I will use a sample video generated with Amazon Nova Reel with a challenge: “A cute raccoon playing underwater guitar.
Enter S3 Uri Your recorded video and S3 bucket ownerAnd then start the challenge: “Tell me about the video by the timeline”.
You can get the following model response:
The video opens with an underwater scene featuring a sandy seabed and swaying seaweed, creating a serene atmosphere. At around 5 seconds, a raccoon appears, swimming towards the camera with a curious expression. By 10 seconds, the raccoon is seen swimming near the seabed. The focus then shifts to a group of koi fish swimming gracefully near the seabed from 11 to 13 seconds.
At 14 seconds, the scene transitions to an ukulele resting on the seabed, with the camera zooming in to highlight its details. The raccoon reappears at 20 seconds, swimming among the koi fish, and by 23 seconds, it begins to play the ukulele. The raccoon continues to play the ukulele from 29 to 41 seconds, with the koi fish swimming around it, adding a lively and colorful touch to the underwater setting.
From 42 to 49 seconds, the raccoon is shown playing the ukulele with the koi fish swimming around it. The video concludes with a screen displaying "Video generated with Amazon Novo Reel 1.1" and "Available in Amazon Bedrock" from 50 to 54 seconds, followed by the AWS logo from 55 to 57 seconds.
Twelvelabs can be easily integrated into applications using Amazon Bedrock Invoke API, which provides a uniform AI conversational interaction interface.

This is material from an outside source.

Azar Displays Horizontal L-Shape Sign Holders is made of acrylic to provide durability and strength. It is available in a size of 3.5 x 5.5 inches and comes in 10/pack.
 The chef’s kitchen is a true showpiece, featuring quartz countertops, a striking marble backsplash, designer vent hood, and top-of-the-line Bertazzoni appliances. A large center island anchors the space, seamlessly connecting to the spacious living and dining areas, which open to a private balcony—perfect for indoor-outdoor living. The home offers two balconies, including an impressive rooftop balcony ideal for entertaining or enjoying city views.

Here is an example of how to use AWS SDK for Python (Boto3) with Twelvelabs Pegasus:
import boto3
import json
import base64
AWS_REGION = "us-west-2"
MODEL_ID = "us.twelvelabs.pegasus-1-2-v1:0" # OR "eu.twelvelabs.pegasus-1-2-v1:0" if it is doing cross region inference in europe
VIDEO_PATH = "sample.mp4"
def read_file(file_path: str) -> str:
"""Read a file and return as base64 encoded string."""
try:
with open(file_path, 'rb') as file:
file_content = file.read()
return base64.b64encode(file_content).decode('utf-8')
except Exception as e:
raise Exception(f"Error reading file {file_path}: {str(e)}")

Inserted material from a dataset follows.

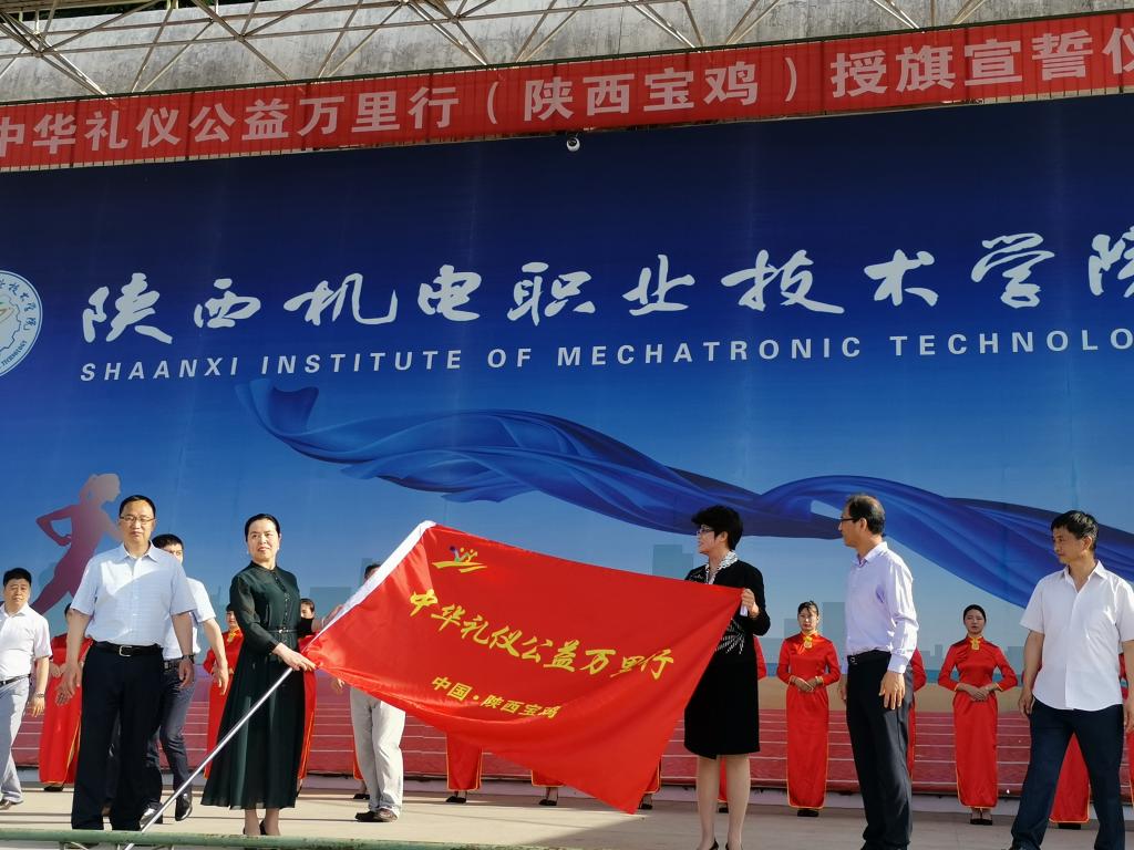启动仪式会场宏大,气氛热烈。在庄严隆重的仪式上,专业主持显示极高礼仪素质,也精准地阐释了中华礼仪万里行教育的重大意义。蔡少惠副会长宣读了《中华礼仪公益万里行倡议书》并为“弘扬中华礼仪公益万里行活动”陕西宝鸡站授旗,邢平礼仪工作室负责人、经济管理与艺术系党支部书记、系主任邢平代表宝鸡站接旗。

bedrock_runtime = boto3.client(
service_name="bedrock-runtime",
region_name=AWS_REGION
)
request_body = {
"inputPrompt": "tell me about the video",
"mediaSource": {
"base64String": read_file(VIDEO_PATH)
}
}
response = bedrock_runtime.invoke_model(
modelId=MODEL_ID,
body=json.dumps(request_body),
contentType="application/json",
accept="application/json"
)
response_body = json.loads(response('body').read())
print(json.dumps(response_body, indent=2))
Twelvelabs Marengo inserts 2.7 The model generates vector insertion from video, text, sound or input image. These insertion can be used to search for similarity, clustering and other machine learning tasks (ML). Asynchronous inference model via the Startsyncinvoke API subsoil.
For a video source, you can ask for the JSON format for Twelvelabs Marengo embedded model 2.7 using StartAsyncInvoke
API.
{
"modelId": "twelvelabs.marengo-embed-2-7-v1:0",
"modelInput": {
"inputType": "video",
"mediaSource": {
"s3Location": {
"uri": "s3://your-video-object-s3-path",
"bucketOwner": "your-video-object-s3-bucket-owner-account"
}
}
},
"outputDataConfig": {
"s3OutputDataConfig": {
"s3Uri": "s3://your-bucket-name"
}
}
}
You can get a response delivered to the S3.
{
"embedding": (0.345, -0.678, 0.901, ...),
"embeddingOption": "visual-text",
"startSec": 0.0,
"endSec": 5.0
}
If you want to get started, check out a wide range of code examples for multiple uses and a number of programming languages. If you want to know more, visit Twelvelabs Pegasus 1.2 and Twelvelabs Marengo insert 2.7 into AWS documentation.
Now available
Today, Twelvelabs are generally in Amazon in Amazon: Marengo in the US East (N. Virginia), Europe (Ireland) and Asia Pacific (Soul) and the Pegasus in the US in the West (Oregon) and Europe (Ireland) accessible between US and European regions. For future updates, see the entire Region list. If you want to learn more, visit the Amazon Bedrock website on the Amazon Bedrock page and Amazon Bedrock Pricking.
Try Twelvelabs on Amazon Bedrock Console today and send AWS Re: Post for Amazon Bedrock or through the usual AWS support contacts.
– Channels
Updated 16 July 2025 – Revised images and part of the code.